Type 1 and Type 2 FAD call for the same treatment: immediate surgery to replace the aorta. Surgery is required due to the high risk of mortality. Type 3 is less severe and requires the maintenance of blood pressure through diet and exercise. Upon diagnosing someone with FAD intravenous antihypertensive treatment is frequently used. Often intravenous sodium nitroprusside is used for its efficiency in lessening the pulsatile load thus reducing blood pressure. Reducing this force slows the progression of the dissection. Surgical success depends on age, severity of symptoms, postoperative organ dysfunction and stroke. Surgical intervention is always indicated in Type 1 cases. Aortic surgery is palliative, not curative. The goal is to merely to prevent rupture, restore blood flow, and fix any aortic valve dysfunction. Post operative protocols include frequent monitoring of the aorta diameter. Statins and beta blockers are also popular treatments used to reduce future plaque build up and blockage of epinephrine receptors as a way to control heart rate and blood pressure.

Long term treatment should also include regular check ups every 3 to 6 months.
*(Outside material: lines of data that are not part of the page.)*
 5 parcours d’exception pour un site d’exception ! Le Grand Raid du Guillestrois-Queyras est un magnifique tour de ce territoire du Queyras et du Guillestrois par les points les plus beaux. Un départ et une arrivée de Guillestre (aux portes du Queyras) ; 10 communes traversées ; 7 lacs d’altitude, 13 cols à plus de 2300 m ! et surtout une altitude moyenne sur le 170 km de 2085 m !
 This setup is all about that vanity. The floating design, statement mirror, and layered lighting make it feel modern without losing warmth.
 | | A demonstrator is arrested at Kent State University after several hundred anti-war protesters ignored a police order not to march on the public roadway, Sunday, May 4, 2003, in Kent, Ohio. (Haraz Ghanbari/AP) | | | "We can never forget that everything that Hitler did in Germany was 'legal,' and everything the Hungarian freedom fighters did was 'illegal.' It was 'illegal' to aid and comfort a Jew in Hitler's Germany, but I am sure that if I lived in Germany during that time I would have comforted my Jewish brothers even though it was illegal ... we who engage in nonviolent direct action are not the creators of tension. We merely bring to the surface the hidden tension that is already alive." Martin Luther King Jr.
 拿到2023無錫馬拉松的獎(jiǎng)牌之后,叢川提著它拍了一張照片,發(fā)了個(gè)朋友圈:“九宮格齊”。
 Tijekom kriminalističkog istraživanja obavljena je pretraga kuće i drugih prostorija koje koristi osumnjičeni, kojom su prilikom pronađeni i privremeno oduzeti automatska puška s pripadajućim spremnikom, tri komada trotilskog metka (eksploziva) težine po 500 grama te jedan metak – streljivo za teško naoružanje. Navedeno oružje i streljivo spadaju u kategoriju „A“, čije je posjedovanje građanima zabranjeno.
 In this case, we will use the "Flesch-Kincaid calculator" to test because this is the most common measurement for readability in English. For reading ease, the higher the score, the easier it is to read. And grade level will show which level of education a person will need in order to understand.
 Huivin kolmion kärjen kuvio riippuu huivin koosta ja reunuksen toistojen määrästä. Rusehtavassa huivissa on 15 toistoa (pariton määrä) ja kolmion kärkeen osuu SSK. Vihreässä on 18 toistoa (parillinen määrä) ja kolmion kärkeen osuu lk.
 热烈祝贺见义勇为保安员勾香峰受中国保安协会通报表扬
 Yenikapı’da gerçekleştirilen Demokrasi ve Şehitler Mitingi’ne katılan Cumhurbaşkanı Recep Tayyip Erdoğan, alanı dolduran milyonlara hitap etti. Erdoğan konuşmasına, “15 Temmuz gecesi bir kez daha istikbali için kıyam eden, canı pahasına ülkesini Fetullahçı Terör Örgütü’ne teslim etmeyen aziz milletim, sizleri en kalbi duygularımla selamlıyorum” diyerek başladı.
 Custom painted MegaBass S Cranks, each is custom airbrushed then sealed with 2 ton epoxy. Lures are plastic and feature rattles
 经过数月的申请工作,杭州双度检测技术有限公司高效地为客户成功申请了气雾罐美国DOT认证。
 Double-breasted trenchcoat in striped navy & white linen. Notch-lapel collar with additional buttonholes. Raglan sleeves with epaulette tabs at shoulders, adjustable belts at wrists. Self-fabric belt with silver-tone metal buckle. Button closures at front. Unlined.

A CT scan or MRI is recommended, along with required chest x-rays. Antihypertensive therapy with beta adrenergic antagonists is required regardless of medical versus surgical treatment. Ten to twenty percent of those who choose surgical intervention are re-operated on due to compression, aneurysm development or blood leakage.

== Research directions ==
Currently, there is controversy over whether or not inheritance truly plays a role in FAD, and if so which gene it acts upon. FAD does not come from strictly one predisposing factor, such as hypertension. It is suggested that the combination of environmental factors along with genetics may contribute to causing FAD. Before newer and more effective cures and therapies can be developed, first the specific gene mutation must be identified. Until such a gene is determined, scientists say patient education, and physician awareness is vital. Currently scientists have found animal models to be beneficial in understanding the pathology behind FAD. In the future there is hope to develop drugs that will better support and strengthen the aortic wall. Endovascular methods of treatment are becoming increasingly popular, and scientists hope to use this technique in both acute and chronic cases.